A kind of data cache method of shuffling based on mapping-reduction computation model

Technical field

The present invention relates to computer distributed system and distributed computing framework field.Specifically, mainly for base There is provided distributed (shuffle) data buffer storage of shuffling based on internal memory in mapping (map)-reduction (reduce) computation model, from And lift performance and the robustness of this Computational frame.

Background technology

Mapping-reduction computation model and based on the distributed computing system of this modelling be current main flow big data Distributed system, such as spark, hadoop.Calculating based on this model has one between mapping and reduction stages and washes Board (shuffle), mapping and reduction are isolated.Current all designs are all to be done using data write disk of shuffling Persistence is processed, and is then transmitted again.And the performance of disk can not show a candle to internal memory, therefore bring this to computing system larger Performance cost.
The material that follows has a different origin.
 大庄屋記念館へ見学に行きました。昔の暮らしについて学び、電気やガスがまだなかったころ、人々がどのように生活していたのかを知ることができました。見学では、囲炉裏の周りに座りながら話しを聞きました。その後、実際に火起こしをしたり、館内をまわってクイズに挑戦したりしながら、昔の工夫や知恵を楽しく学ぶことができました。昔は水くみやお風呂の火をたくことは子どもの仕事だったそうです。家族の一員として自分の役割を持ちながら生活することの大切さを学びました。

Simultaneously, the Computational frame of the type mainly ensures the fault-tolerance (hadoop) calculating by disk, or User is needed manually to increase checkpoint (spark).These fault tolerant mechanisms, due to overlapped with calculating logic, are not only filled Divide and utilize existing ardware feature, and be interspersed in the performance leveraging calculating itself in calculating process.
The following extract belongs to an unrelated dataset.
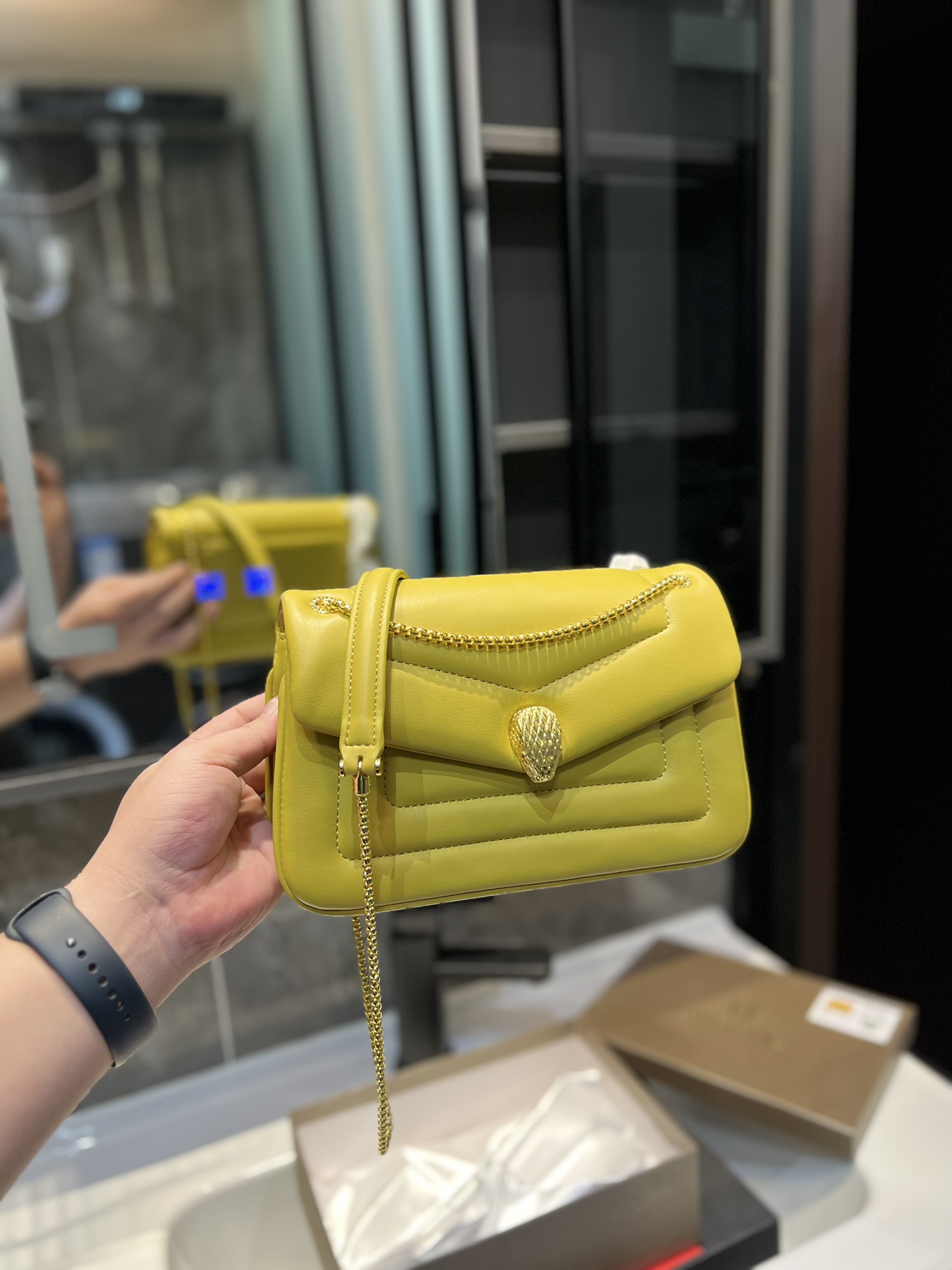 The small shoulder bag of the SERPENTI REVERSE series cleverly plays with bold proportions and eye-catching shapes, and reinterprets the classic features of the series with a charming puffy design.

Although having some distributed file systems based on internal memory at present, they are importantly directed to data block originally Body, and the volume of data block itself is often much larger than and shuffles data it is therefore desirable to substantial amounts of internal memory is as support.Based on above Background, the invention provides a kind of elimination based on the distributed data cache method of shuffling of internal memory is shuffled transmission and is based on disk The performance cost brought of fault-tolerance mechanism, the performance of lifting Computational frame and robustness.

Content of the invention

The present invention is directed to the distributed computing system based on mapping-reduction model, and by shuffling, transmission data is buffered in Shuffle transmission and the performance cost brought based on the fault-tolerance mechanism of disk is eliminated in the internal memory of distributed system.The present invention's Technical solution is as follows:

A kind of data cache method of shuffling of mapping-stipulations computation model, comprises the steps:

Step 1: a mapping-reduction job is passed through interface by the division that task is unit by mapping-reduction Computational frame It is sent to caching main frame of shuffling.Here task contains the id that transmission of shuffling relies on, and mapping tasks sum is total with reduction task Number, after main frame receives, adds that timestamp is saved in local memory.
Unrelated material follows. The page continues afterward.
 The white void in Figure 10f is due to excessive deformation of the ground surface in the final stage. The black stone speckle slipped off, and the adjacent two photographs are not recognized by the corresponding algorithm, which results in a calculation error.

Step 2: shuffle caching main frame receive workload partition data after, using random algorithm by reduction task therein with Each node of cluster do one a pair three mapping.And reduction task corresponds to random three nodes, one of based on Want node, being left two is backup node.The mapping of reduction task and node is saved in the internal memory of main frame in the form of Hash table In.

Step 3: the one of node of Computational frame scheduling executes mapping tasks.This node has executed mapping tasks After calculating process, by calling the interface of caching system, the data is activation of shuffling of this mapping tasks is held to caching of locally shuffling The memory headroom of row device process.Return immediately simultaneously, represent that tasks carrying completes.

Step 4: when executor's process of the caching system on a node receive mapping tasks shuffle data when, can be by According to the dividing mode (being specified by Computational frame) of data acquiescence of shuffling, data is divided into multiple reduction of shuffling according to reduction task Data block, is saved in internal memory.Usual mapping tasks can produce identical with reduction task number or be less than reduction task The data block of number.

Step 5: executor is entirely being reflected to the mapping table that caching host request reduction task is with node of shuffling, this step Penetrate-reduction work in only can execute once).Mapping table ensure that the distribution rules of all executors are consistent.Executor according to The reduction task of main frame and the mapping table of node, the reduction data block of shuffling that division in step 4 is finished is distributed to and corresponds to therewith Three reduction task remote nodes.Executor sends when shuffling reduction data block, can be according to the setting of main and subordinate node in step 2 Add the label of master-slave back-up respectively to data block.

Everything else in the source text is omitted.